The Court of Appeal has upheld an earlier decision of the High Court that the law applicable to interest rate swaps entered into between a Portuguese bank and a number of Portuguese transport operators is English law.

In Banco Santander Totta SA v Companhia de Carris de Ferro De Lisboa SA & Ors [2016] EWCA Civ 1267, a number of state owned Portuguese transport operators sought to overturn the ruling of the High Court. At first instance, it was held that Article 3(3) of the Rome Convention 1980 (“Rome Convention”) did not apply to nine swaps because the swaps had an international element and not all elements of the swaps were solely connected with Portugal. Our earlier Law-Now reported this decision, setting out the facts and key findings of the case. This can be read here.

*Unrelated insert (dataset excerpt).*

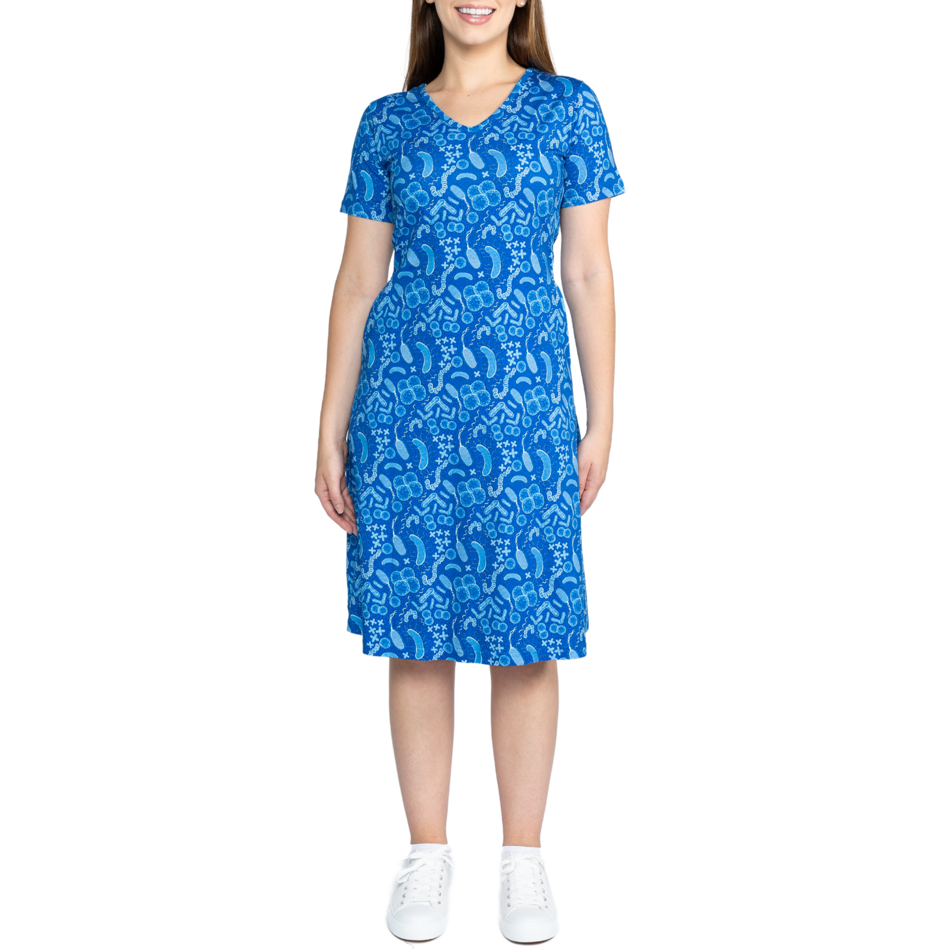 Short sleeves, a-line adults dress with v-neck and functional pockets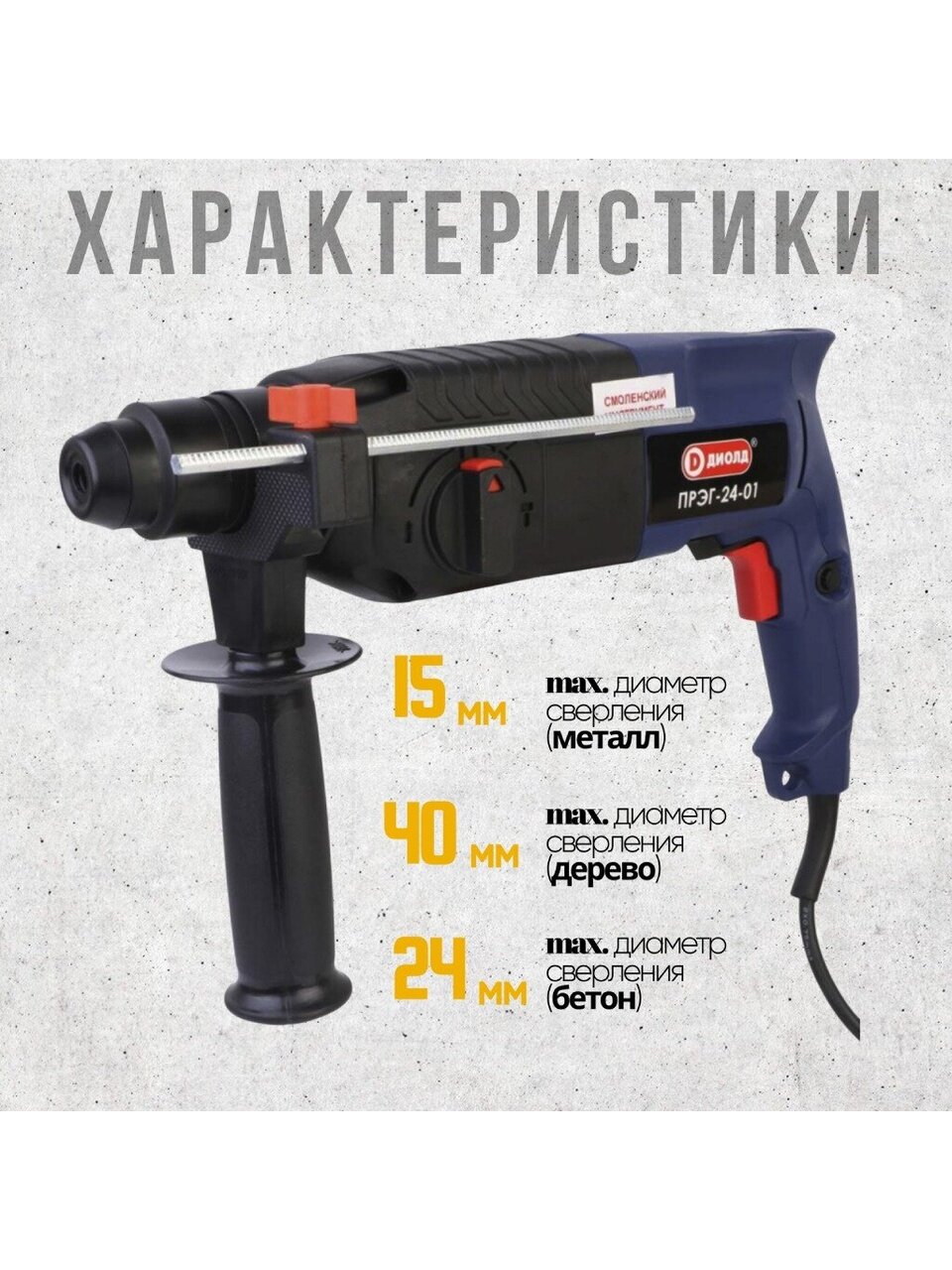 Электрический ручной перфоратор ДИОЛД ПРЭГ-24-01 относится к изделиям бытового назначения и предназначен для работы в ударно-вращательном, вращательном и ударном режимах.

Article 3(3) of the Rome Convention provides:

“The fact that the parties have chosen a foreign law, whether or not accompanied by the choice of a foreign tribunal, shall not, where all the other elements relevant to the situation at the time of the choice are connected with one country only, prejudice the application of rules of the law of that country which cannot be derogated from by contract, hereinafter called ‘mandatory rules’”.

The appeal

The transport companies did not appeal Blair J’s rejection of three of their defences i.e. that they lacked capacity, that the swaps were entered into in breach of Portuguese securities law and that the swaps were voidable as unlawful. The appeal was limited to the proper interpretation of Article 3(3) of the Rome Convention. The transport companies submitted that on the correct interpretation of Article 3(3), the swaps were liable to termination or modification pursuant to Article 437 of the Portuguese Code.

The key components of this argument were:

  1. The purpose of Article 3(3) of the Rome Convention was to ensure that contracts which are not objectively international in a conflict of laws sense, and fall within the Rome Convention only because of a choice of law by the parties, remain subject to the mandatory rules of what is objectively the proper law. Had Blair J conducted the correct enquiry, he would have concluded that the relevant elements at the time of the parties’ choice of law were all located in Portugal.
  2. That the swaps were between Portuguese parties, the transport companies dealt only with Portuguese officers of the bank in negotiation, and the transport companies were unaware of the international nature of the bank’s hedging arrangements. The judge should have concluded on admissible matters that nothing pointed “directly” to an international situation for the purpose of Article 3(3).
  3. That the question of whether a rule of law could be derogated from by contract had to be determined when the choice of law is made, not at a later date.
  4. In light of the above, Blair J should have concluded that Article 437 of the Portuguese Code applied to the swaps. The court should therefore exercise its power to modify or terminate the swaps.

The decision

In dismissing the appeal the Court of Appeal held:

  1. Blair J’s interpretation of Article 3(3) gives effect to the fundamental principle of party autonomy and the objective of certainty underlying the Rome Convention and is consistent with the actual wording of its provisions. The Court confirmed the trial judge’s view that the words “elements relevant to the situation” used in Article 3(3) are wider than the factors of a kind which connect the contract to a particular country for the purpose of identifying the proper law in the absence of an express choice.
  2. There was no error of principle in Blair J’s assessment of the international nature of the swaps. It would simply be impossible for the Court of Appeal to say that he was plainly wrong.

This decision reinforces the parties’ autonomy, under English law, of choosing the applicable law to a contract. This is particularly helpful for users of market standard forms like ISDA Master Agreements as it gives them certainty in relation to their contractual frameworks.

The appeal is the first appeal from the Financial List, the specialist list in the High Court set up to handle claims related to the financial markets. In Banco Santander the Court of Appeal made the uncontroversial statement that the Court of Appeal should not interfere with the evaluation of a High Court judge unless there was an error of principle or the evaluation was plainly wrong. Notably, this statement was followed by express recognition that the Court of Appeal should be particularly cautious of reaching such a conclusion if the appeal is from an expert and specialist court, the Financial List. This is a clear statement recognising the elevated status of decisions from the Financial List for complex claims related to the financial markets.